Replace /bin/ksh in #!/bin/ksh with an absolute pathname of the Korn shell (or any shell that conforms to POSIX shell command language requirements) on your system.

If you're on a Solaris system, use /usr/xpg4/bin/awk or nawk instead of awk .

The exit code will be 0 if all conditions are met, or 1 through 31 depending on which set of conditions fail.

Many thanks for the very quick replies.

Scott: the number of rows varies between 5(min) and 22(max)

It's a hard choice between between fuad's second post code and rtrdx1's code.

fuad's output rows are separated by blank lines.

rdtx1's output columns are separated by a tab(?) instead of single space.

On balance I'm inclined to go with fuad's single-liner largely because I know how to delete
blank lines :slight_smile:

---------- Post updated at 05:06 PM ---------- Previous update was at 04:44 PM ----------

Don Cragun

Thanks for a very comprehensive reply but as I'm able to verify the file meets the stated requirements before reformatting I don't have to cater for all the exception conditions.

OK. If you've pre-verified the input file, you can strip my suggestion down to:

#!/bin/ksh
awk '/[^[:digit:]]/ { h[++hc] = $0; next}
{       o[hc,++oc[hc]] = $0}
END {   printf("%-3s%s\n", h[1], h[2])
        for(i = 1; i <= oc[1]; i++) printf("%s %s\n", o[1, i], o[2, i])
}' Input

and get the same output.

1 Like
pr -t -s' ' -2 -l 7 input
awk '/[a-zA-Z]/{i=0}
{i++;A=A?A"\t"$0:$0}
END{for(j=1;j<=i;j++){print A[j]}}' file
1 Like
awk '/[^0-9]/{f=NR} f>1{print A[NR-f+1],$0; next} {A[NR]=$0}' file
1 Like

You can just add

sed 's/ /\t/g'

to the end to replace the space to tab or you can edit the original code to be like this:

cat test | tr '\n' '\t' | awk ' { for (i=1; i<=NF/2; i++) { print $i, "\t", $(i+(NF/2)), "\n" } }'

I see people give you the codes but I think it will be more benefit to you if you're doing it yourself.

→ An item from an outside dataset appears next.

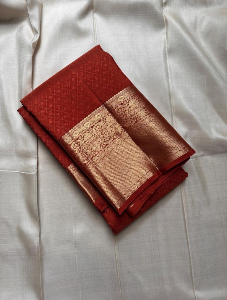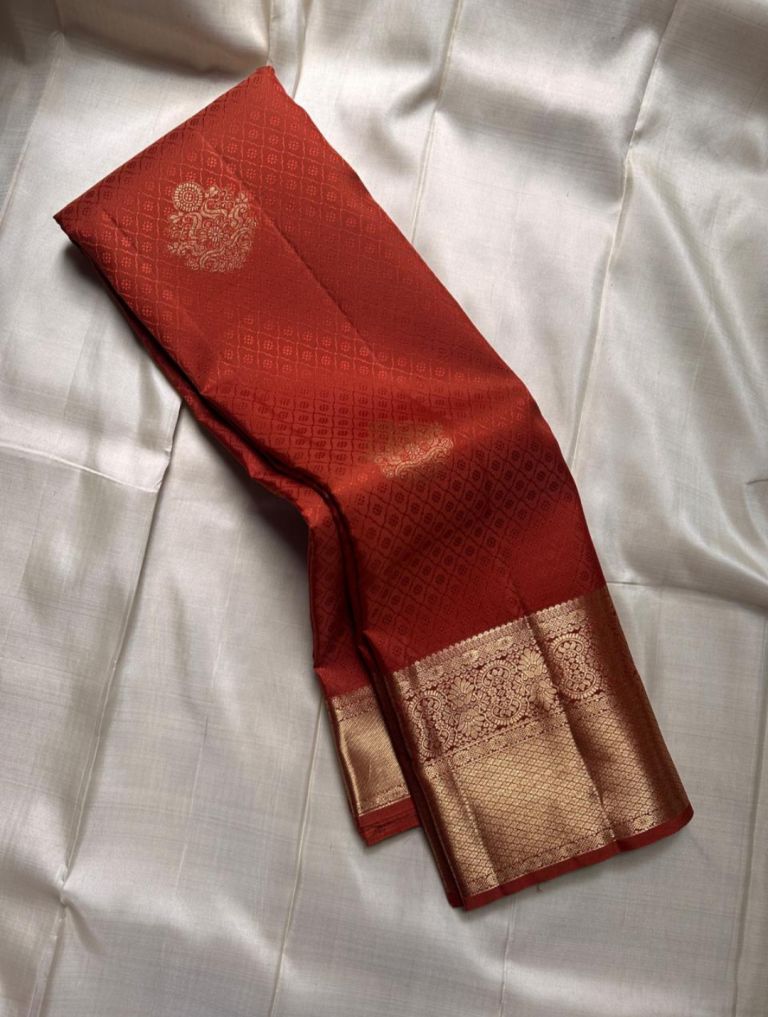 “Sharini” – means Earth, one who is enduring and graceful. A majestic rust-red Kanjivaram saree, Sharini carries an aura of timeless grace. The body is adorned with delicate self-jacquard patterns, giving it a rich textured look. Its wide antique gold zari border and pallu showcase intricate floral and geometric designs, radiating opulence and tradition.

So, instead of give you the code, I would rather show you one of many ways on how to do it. You can split the file into 2 files, column_a and column_b, then merge them back to a single file with two columns. You can do that first by "grep" for where column b starts with the "-n" option to show line number. Then with the combination of using "head" and "tail" with a "-number" based on your "grep" result (you cannot use that exact number, why?), you can split the file in to two files: column_a and column_b. You can then use the "paste" command to merger the two files in to one with 2 columns, separated by tab.

You can also add "pre" check stuffs to check the input file is correct such as the line where column b start is right in the middle of the file.

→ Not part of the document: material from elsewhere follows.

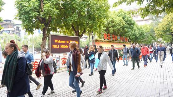 25日下午,学员们赴肇庆一中初中部进行参观交流。首先,他们参观了肇庆一中校史室,了解了公司建设发展基本情况;随后,学员们分成两组,分别观摩七年级英语课堂和九年级物理课堂,观课结束后在英语教研室与一线教师们展开了面对面交流;最后,学员们参观了员工社团和体艺节活动,包括公司管乐团、公司合唱团、百人书法比赛、环保时装秀、简易机器人展示等,这些活动让外教们看到了中国基础教育中素质教育开展所取得的良好成效。学员们表示,在肇庆一中的参观令他们大开眼界,这对他们今后更好地指导中国员工学习提供了很好的借鉴。

Have fun writing your codes :slight_smile:

Toiday

You're quite right about the need to understand the options available rather than just using code snippets. Meanwhile I'm still at the cut-and-paste stage of my scripting learning curve so thanks again to all those who replied to my original post.